On the 2016 Talk is Jericho podcast, Toffoloni claimed that over the weekend, the search history on Benoit's computer showed he had researched "the quickest and easiest way to break a neck." Benoit had then later used a towel around his neck attached to the handle of the machine, which he pulled down using a very heavy weight and let go, breaking his neck instantly. However, the police report done by the Fayette County Sheriff's Office states he showed no damage to his neck area other than that which came from the cable around his neck. It also states the only topic he researched on his computer during that time period was the biblical prophet Elijah's resurrection of a dead child. No mention of the claims made by Toffoloni were present in the police report, and his autopsy report made no mention of damage to Benoit's cervical vertebrae, hyoid bone, trachea or larynx area, further indicating he did not snap his neck as a manner of suicide.
=== Discovery of the bodies ===
On Monday, June 25, 2007, WWE wrestlers and executives arrived in Corpus Christi for Monday Night Raw, which was to take place at the American Bank Center. As the early hours of the afternoon progressed and the show became closer to starting, WWE executives were increasingly concerned that they had not heard from Benoit in over 24 hours. Guerrero then showed WWE Vice President of Talent Relations John Laurinaitis (a.k.a. Johnny Ace) the text messages that he and Armstrong had received from Chris and Nancy's cellphones in the early hours of Sunday. As some more time progressed without any contact from Benoit, WWE called the Fayetteville Police Department and asked for a welfare check at the Benoit household. After discovering the bodies, Fayetteville police called WWE around 4:15 p.m. (CDT) and informed them that they had discovered three bodies at the Benoit home and that the house was now considered a "major crime scene".

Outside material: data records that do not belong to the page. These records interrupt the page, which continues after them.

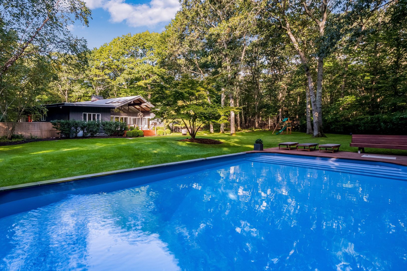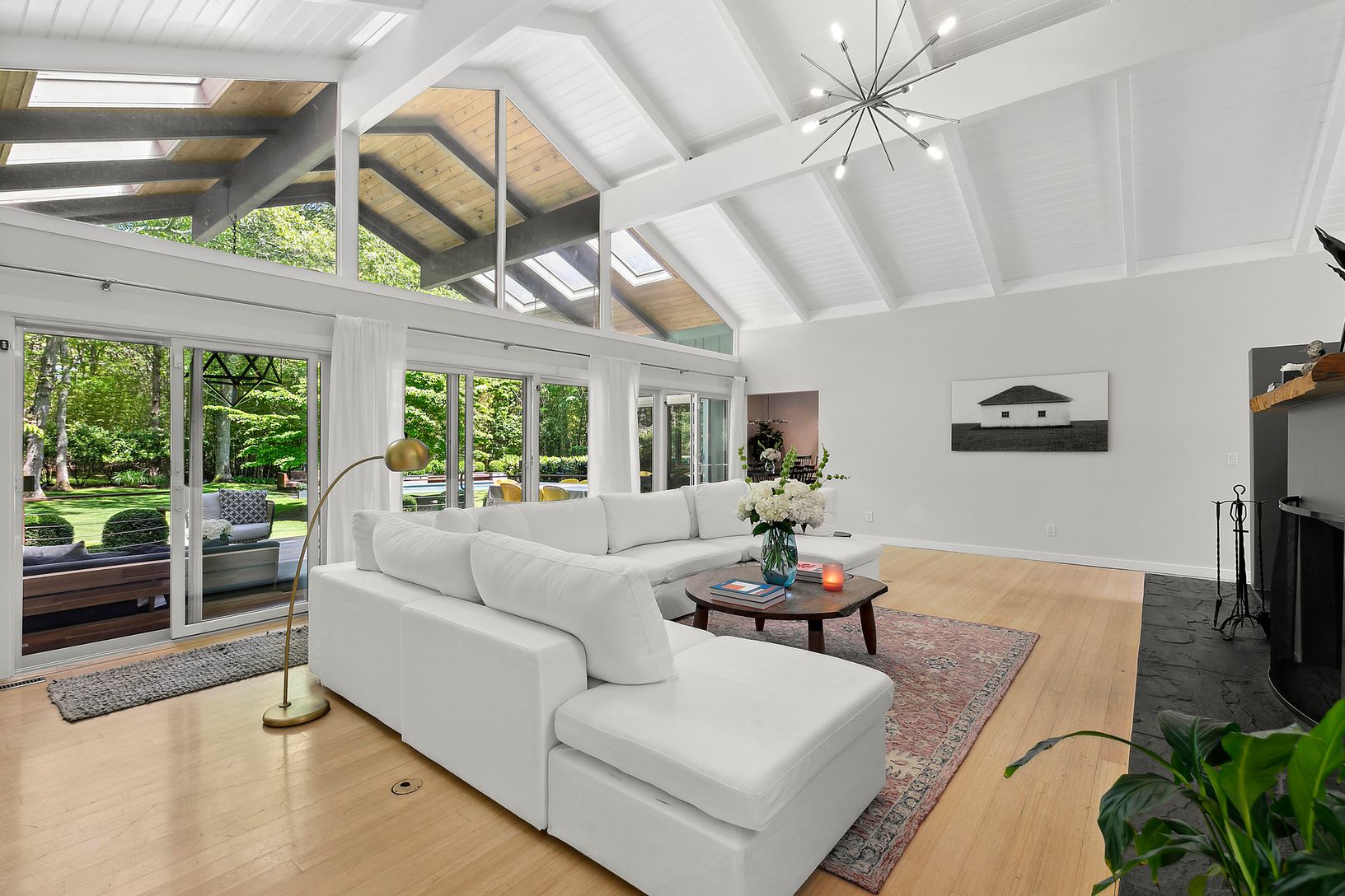 Welcome to a private, design-forward retreat on the fringe of East Hampton Village, where mid-century modern architecture meets effortless Hamptons living. Set on two lush acres, this serene estate offers space, privacy, and thoughtful amenities ideal for families, wellness-focused guests, and relaxed entertaining.
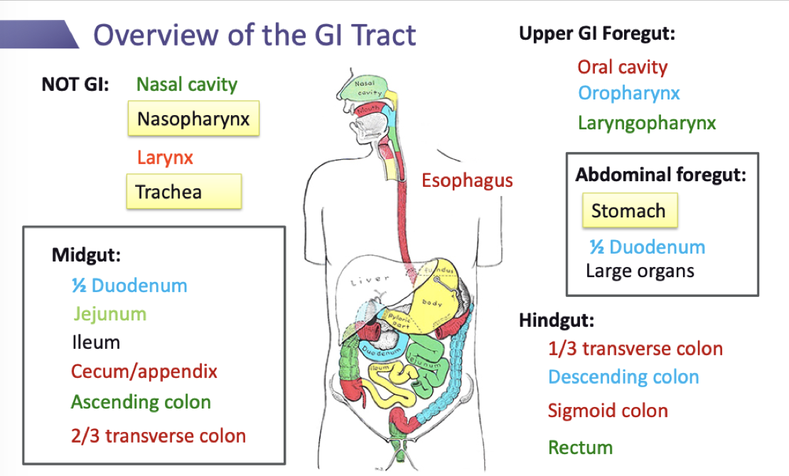 GI tract is divided into the abdominal foregut, midgut, and hindgut
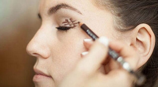 32. Нанесите белый карандаш на водную линию, если хотите скрыть покраснение глаз.
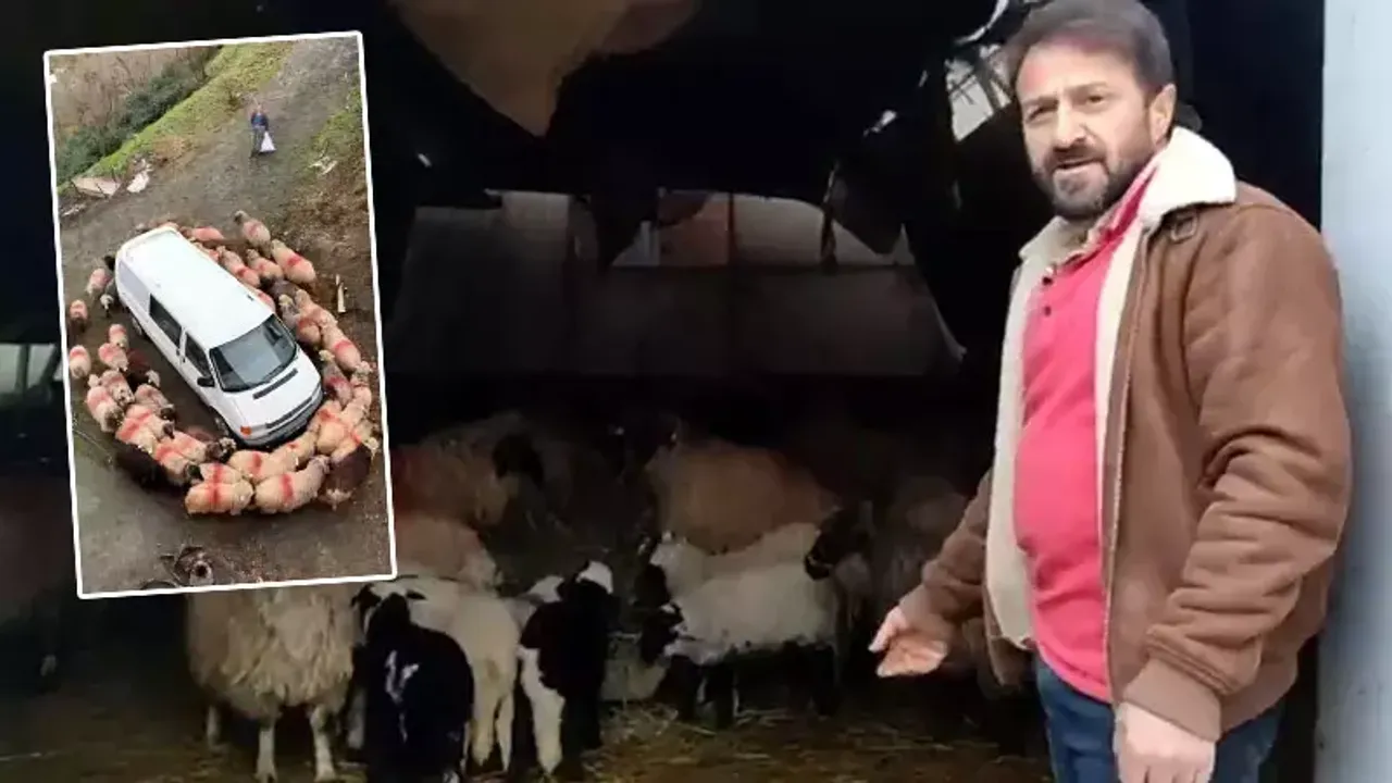 Sabah saatlerinde ahırdan çıkarılan koyunların otlama alanına yönelmesi beklenirken, sürü minibüsün çevresinde aynı hız ve düzenle daire oluşturarak döndü. Dakikalarca süren ilginç görüntüler cep telefonu kamerasına yansıdı.

A suicide note was not discovered during the initial investigation. One was later discovered in a Bible that had been among Benoit's possessions that were sent to his first wife and their two children in Canada. Benoit's father Michael stated that Chris had left "a hand-written notation in there saying, 'I'm preparing to leave this Earth. During a 2020 interview with Chris Van Vliet, Benoit's eldest son David stated that he did not leave a suicide note and showed no indication that anything was wrong in their last conversations prior to the tragedy. David stated that Benoit had planned for him to visit from Canada the week following the murders.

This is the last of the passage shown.